Considered an urgent matter when Beresford asked the question in 2000, it seems, twenty-five years later, that many of the same concerns around impairment and the social model of disability still animate discussions within mad studies. Yet they are not the only focus of this dynamic and exciting field. Two anthologies, Jasna Russo and Angela Sweeney’s Searching for a Rose Garden: Challenging Psychiatry, Fostering Mad Studies published in 2016, and Andrea Daley, Lucy Costa, and Peter Beresford’s Madness, Violence, and Power: A Critical Collection published in 2019 have further solidified the field’s engagement with survivor-produced knowledge and the critical study of violence within mad people’s lives.28 Searching for a Rose Garden, which emerged out of a two-day meeting of scholars from several disciplines, activists, and advocates organized by the Association for Protection Against Psychiatric Violence and held in Berlin in 2011, aimed to introduce and explore alternatives to psychiatry that built upon survivors’ knowledge and understanding of madness and distress, as well as their experiences with various interventions. As the group worked on the edited anthology over the next five years, they broadened their approach to include critical users of the psy industries. They explained that by the time they published their book in 2016, they had come to find a home in mad studies, which was unknown to them when they met in 2011.

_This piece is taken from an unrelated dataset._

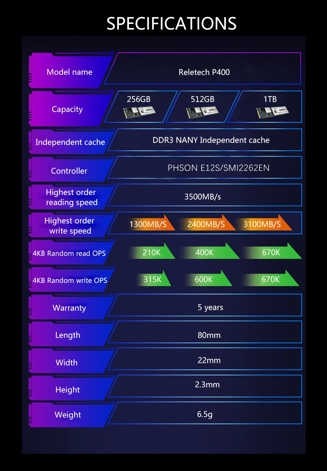 PS: скорость указан только в справочных целях, он SSD скорость будет зависеть от многих факторов, такие как тип интерфейса, компьютерное оборудование, компьютерная система, и система тестирования.

Unlike their comrades who met in Germany in 2011, the editors of Madness, Violence, and Power had been long-time activists and leaders in mad studies in Canada and the UK when they produced their edited collection in 2019. In it, they worked to broaden the understanding of violence that is manifest in the lives of users and survivors and interrogate systemic and structural violence, at the same time that they explored mad people’s participation in “accountability and justice dialogues.”29 For too long, they argued, both popular and scholarly conversations about madness and violence alternated between the mad person as a victim of violence, and the mad person as the instigator or perpetrator of violence. Neither one of these usually spectacular accounts of violence addressed the everyday ways in which multiple layers of violence interacted in the lives of mad people. The contributors to the volume aimed to provide a correction to overly simplified accounts of madness and violence through their collection of work produced by a range of academics and activists.

As is evident from this brief overview, a robust, interdisciplinary field of mad studies was already emerging when Peter Beresford and Jasna Russo began work on their edited collection, The Routledge International Handbook of Mad Studies, which they published amid the global pandemic in 2021. Published almost ten years after Mad Matters, the International Handbook reaffirmed and reanimated long-standing areas of interest and concern and established new benchmarks in mad studies. Consisting of 34 chapters spread over five parts, all authored by people who identify as psychiatric survivors, the book explores the past, present, and future of the field.

The contributions to this ambitious volume range from more traditional, although critical, academic articles to shorter pieces that provide first-person and other accounts of survivors’ many experiences with madness, organizing, working within various mental health systems, and creating new knowledge. Mindful of critiques that mad studies privileges white, academic, global north voices and experiences, Beresford and Russo, and the volume’s many contributors, took a transnational approach to thinking about mad studies that is grounded in survivors’ experiences and activist work.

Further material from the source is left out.